I've honestly never been much of an alcohol drinker myself, but I'm hearing of these great pairings of this cigar with a whiskey, that one with a scotch and another with bourbon. 

I already cant' stand coffee, it smells different from it's taste...and I just can't handle that...*laugh*

So I figure I'll give a couple of bottles a try, if I don't like it, I still have them for entertaining my friends and B/SOTL when they come over...


----------



## BeerAdvocate-cl (Sep 6, 2007)

a good newbie one is Jack Daniels Singel Barrel or Makers Mark. I too am just starting to try scotches so I am curious to what others recommend. I have been told that the perfect starter scotch is Macallen 12


----------



## JohnR (Apr 1, 2007)

Hi Rowdymon. If you are not used to drinking spirits, then I might suggest that you start off with Brandy or Cognac. These are a little sweeter than Bourbon or Scotch. Pick up a bottle of Christian Brothers VSOP brandy (not the cheaper VS). Once you get to where you can drink that neat, then you are ready for scotch and bourbon.

At first, the brandy will seem very alcoholic. After a few days of sampling this, your brain will get accustomed to the alcohol and you will start to pick out the sweetness and the fruitiness. When this happens, you are ready for whisky or scotch.

Crown Royal is a mild whiskey. Makers Mark is a fairly mild bourbon. Glenlivet 12 or The Macallan 12 are excellent single malts that any visiting scotch drinker should appreciate.


----------



## Rowdymon (Dec 19, 2007)

Thanks John...

How should one drink said Brandy?

LOL, right now a single G&T or a pair of beers and I get a pretty damned good buzz...

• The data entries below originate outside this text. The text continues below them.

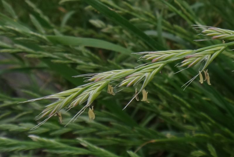 ネズミムギ:1〜2年草、葉幅3〜8ミリ、葉耳明瞭、芒は約1センチ、小花10〜20個。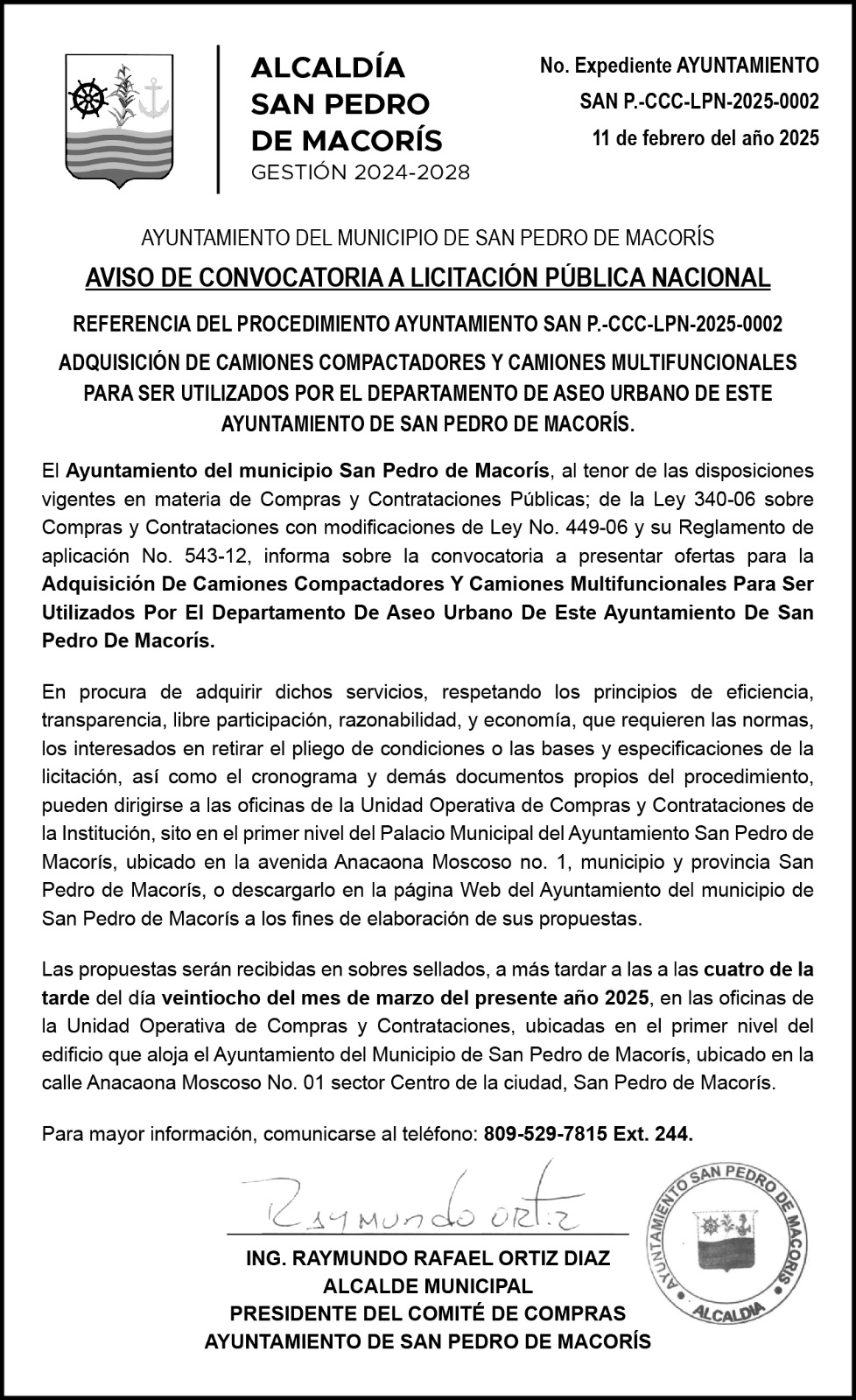 Objeto/Subobjeto: ADQUISICION DE CAMIONES COMPACTADORES Y CAMIONES MIULTIFUNCIONALES PARA SER UTILIZADOS POR EL DEPARTAMENTO DE ASEO URBANO DE ESTE AYUNTAMIENTO DE SAN PEDRO DE MACORIS /
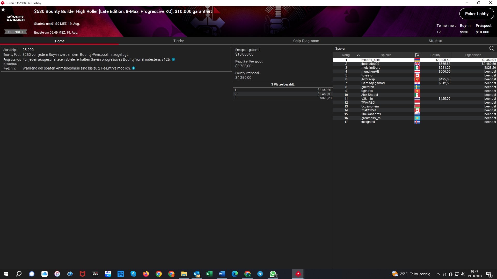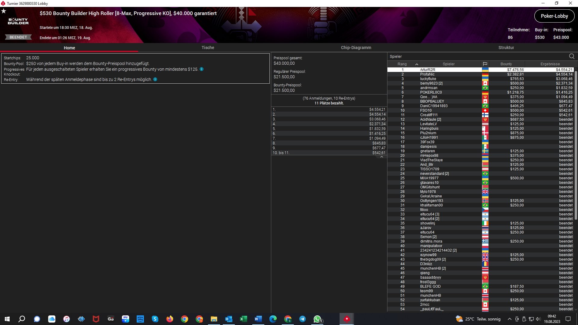 Beim größten High Roller Event am Freitag, dem $530 Bounty Builder High Roller bauten 86 Spieler einen Preispool von $43.000 auf. Der Deutsche „ProfaNic“ musste sich hier erst im Heasds-Up dem Ukrainer „ArturR2R“ geschlagen geben und kassierte $4.554 + $2.382 Bounties. Platz 6 ging noch an „POKERLOCO“ aus Deutschland für $1.416 + $1.218 Bounties.

I have a feelin' I'm in for a few drunken evenings...*laugh*


----------



## ER Doc (Feb 8, 2007)

Great information given already. The borboun that I started with was mixed with coke - Early Times Bourbon. However, this is not a sipping bourbon - it is a bourbon best used as a mixer. 

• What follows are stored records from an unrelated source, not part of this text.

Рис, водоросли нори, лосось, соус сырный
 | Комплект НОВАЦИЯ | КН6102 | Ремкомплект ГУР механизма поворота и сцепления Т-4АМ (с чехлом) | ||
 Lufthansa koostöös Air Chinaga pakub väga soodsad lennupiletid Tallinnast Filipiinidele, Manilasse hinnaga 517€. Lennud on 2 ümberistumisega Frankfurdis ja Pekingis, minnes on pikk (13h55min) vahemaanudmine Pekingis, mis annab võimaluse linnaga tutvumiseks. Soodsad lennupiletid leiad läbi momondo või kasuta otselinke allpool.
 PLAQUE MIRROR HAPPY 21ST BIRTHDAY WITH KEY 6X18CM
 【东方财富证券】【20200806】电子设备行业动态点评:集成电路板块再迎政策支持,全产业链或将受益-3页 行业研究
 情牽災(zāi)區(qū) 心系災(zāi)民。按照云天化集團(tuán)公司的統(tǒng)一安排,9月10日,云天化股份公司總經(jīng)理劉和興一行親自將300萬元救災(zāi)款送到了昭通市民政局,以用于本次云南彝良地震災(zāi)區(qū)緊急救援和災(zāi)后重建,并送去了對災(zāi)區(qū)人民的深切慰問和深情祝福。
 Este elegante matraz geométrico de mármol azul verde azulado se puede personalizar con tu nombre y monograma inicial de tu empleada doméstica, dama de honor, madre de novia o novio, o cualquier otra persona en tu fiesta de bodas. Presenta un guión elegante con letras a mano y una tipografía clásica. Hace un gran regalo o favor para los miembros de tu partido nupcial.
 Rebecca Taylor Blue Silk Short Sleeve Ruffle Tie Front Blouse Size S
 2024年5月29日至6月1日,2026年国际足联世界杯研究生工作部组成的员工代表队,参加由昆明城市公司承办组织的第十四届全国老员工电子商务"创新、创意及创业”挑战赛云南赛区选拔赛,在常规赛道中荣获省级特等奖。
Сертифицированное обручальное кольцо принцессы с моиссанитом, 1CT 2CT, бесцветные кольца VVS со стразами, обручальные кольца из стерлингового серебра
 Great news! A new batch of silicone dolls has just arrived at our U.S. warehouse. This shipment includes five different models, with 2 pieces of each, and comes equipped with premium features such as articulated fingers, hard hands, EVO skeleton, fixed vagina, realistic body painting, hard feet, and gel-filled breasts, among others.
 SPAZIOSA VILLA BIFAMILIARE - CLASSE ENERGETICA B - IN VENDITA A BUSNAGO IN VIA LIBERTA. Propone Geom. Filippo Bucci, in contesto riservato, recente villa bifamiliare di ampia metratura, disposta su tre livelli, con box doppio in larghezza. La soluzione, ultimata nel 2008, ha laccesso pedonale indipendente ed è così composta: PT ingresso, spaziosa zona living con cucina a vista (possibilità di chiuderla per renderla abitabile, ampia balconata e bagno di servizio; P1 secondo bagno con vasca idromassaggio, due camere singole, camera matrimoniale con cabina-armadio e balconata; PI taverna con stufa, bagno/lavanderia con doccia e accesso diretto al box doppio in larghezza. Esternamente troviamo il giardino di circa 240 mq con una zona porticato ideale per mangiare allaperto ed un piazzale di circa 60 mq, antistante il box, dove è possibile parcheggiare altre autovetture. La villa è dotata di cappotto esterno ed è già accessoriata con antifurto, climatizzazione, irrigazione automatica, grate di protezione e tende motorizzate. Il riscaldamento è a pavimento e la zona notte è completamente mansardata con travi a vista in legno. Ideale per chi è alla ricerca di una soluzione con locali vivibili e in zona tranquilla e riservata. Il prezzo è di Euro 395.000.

The first bourbons that I started to sip were Elijah Craig and Woodford Reserve. Others worth noting are Knob Creek, 1792, Makers Mark, Bulleit, and Evan Williams Single Barrell. Bakers and Bookers are also often recommended, but I've had neither one, yet!

Enjoy trying them all out!


----------



## JohnR (Apr 1, 2007)

Rowdymon said:


> Thanks John...
> 
> How should one drink said Brandy?
> 
> ...


I would suggest that you pour yourself a little glass...say 2 ounces...and sip it with your cigar. I am not really into "sniffing" my brandy, so I use a small glass designed for "cordials" - just like the one in the picture below. It is kind of like a shot glass with a stem.


----------



## JohnR (Apr 1, 2007)

ER Doc said:


> The borboun that I started with was mixed with coke - Early Times Bourbon. However, this is not a sipping bourbon - it is a bourbon best used as a mixer.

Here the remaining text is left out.